RoomKit

Pure async Python 3.12+ framework for multi-channel conversation orchestration.

RoomKit gives you one abstraction — the room — to wire together any combination of SMS, WhatsApp, Email, Teams, Telegram, Voice, Video, WebSocket, and AI channels. Messages flow in, pass through a hook pipeline, get routed to the right agent, and broadcast out to every attached channel. You focus on the conversation logic; the framework handles routing, transcoding, audio processing, video processing, and agent handoffs.

Website: roomkit.live | Docs: roomkit.live/docs | API Reference: roomkit.live/docs/api

How it works

RoomKit architecture

Every channel implements the same interface: handle_inbound() converts a provider message into a RoomEvent, and deliver() pushes events out. Channels have two categories: transport (delivers to external systems) and intelligence (generates content, like AI agents).

Message flow

Message flow through a room

An inbound message is normalized into a RoomEvent, passes through the hook pipeline (where it can be blocked, modified, or enriched), gets stored, then fans out to every attached channel. AI agents generate responses that re-enter the same pipeline.

Quickstart

pip install roomkit

Example: AI chatbot in 20 lines

import asyncio
from roomkit import (
    ChannelCategory, InboundMessage, RoomKit,
    TextContent, WebSocketChannel,
)
from roomkit.channels.ai import AIChannel
from roomkit.providers.anthropic import AnthropicAIProvider, AnthropicConfig

async def main():
    kit = RoomKit()

    # One channel for the user, one for AI
    ws = WebSocketChannel("ws-user")
    ai = AIChannel("assistant", provider=AnthropicAIProvider(
        AnthropicConfig(api_key="sk-...")
    ), system_prompt="You are a helpful assistant.")

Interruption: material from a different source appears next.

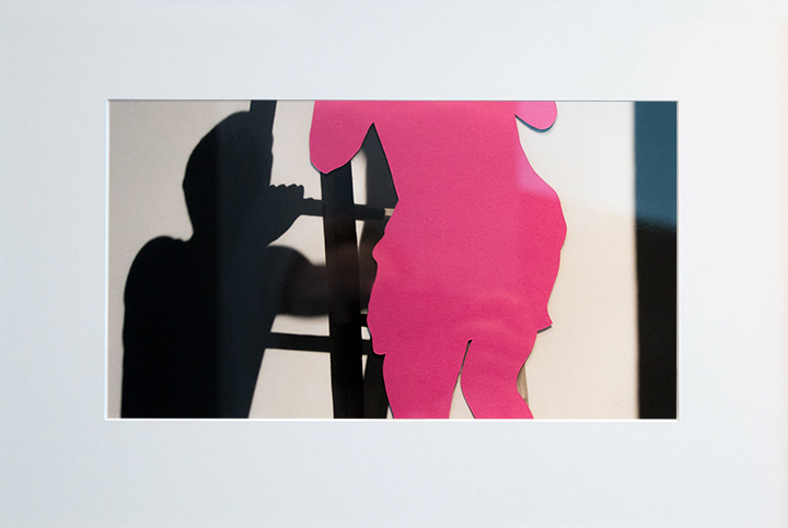 Manchmal also denkt man, | Serie 0, 2015 3 Collagen (Mischtechnik, Bleistift, Farbkarton und Passepartout auf Fotoprint, je 42,5 x 32,5 cm) / 3 Schriftbilder (Fotoprints, Passepartout)
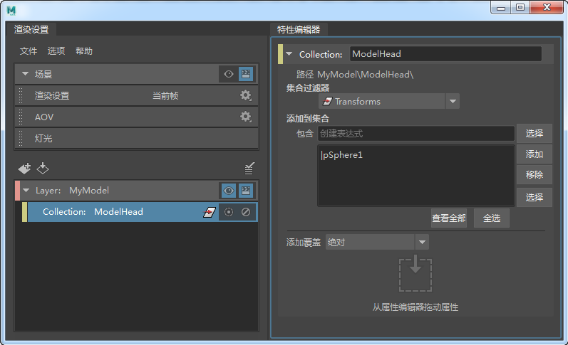 - 选定 ModelHead 集合后,从“大纲视图”(Outliner)中选择“头部”(Head),然后在“特性编辑器”(Property Editor)中单击“添加”(Add),将其添加到集合中。

    kit.register_channel(ws)
    kit.register_channel(ai)

    # Create a room and wire everything together
    await kit.create_room(room_id="chat")
    await kit.attach_channel("chat", "ws-user")
    await kit.attach_channel("chat", "assistant", category=ChannelCategory.INTELLIGENCE)

    # Process a message — AI responds automatically
    await kit.process_inbound(InboundMessage(
        channel_id="ws-user", sender_id="user-1",
        content=TextContent(body="What is RoomKit?"),
    ))

asyncio.run(main())

That's it. The message flows through the hook pipeline, gets routed to the AI channel, and the response is broadcast back to the WebSocket.

Example: Multi-channel bridge

The same room can bridge any mix of channels — a user on SMS, another on WhatsApp, and an AI assistant all sharing one conversation:

kit = RoomKit()

sms = SMSChannel("sms", provider=TwilioSMSProvider(...))
wa = WhatsAppChannel("whatsapp", provider=...)
ai = AIChannel("assistant", provider=...)

for ch in [sms, wa, ai]:
    kit.register_channel(ch)

await kit.create_room(room_id="support-case-42")
await kit.attach_channel("support-case-42", "sms")
await kit.attach_channel("support-case-42", "whatsapp")
await kit.attach_channel("support-case-42", "assistant", category=ChannelCategory.INTELLIGENCE)

# Message from SMS → broadcast to WhatsApp + AI
# AI reply → broadcast to SMS + WhatsApp

Content is automatically transcoded between channel capabilities (rich → text fallback, media handling, etc.).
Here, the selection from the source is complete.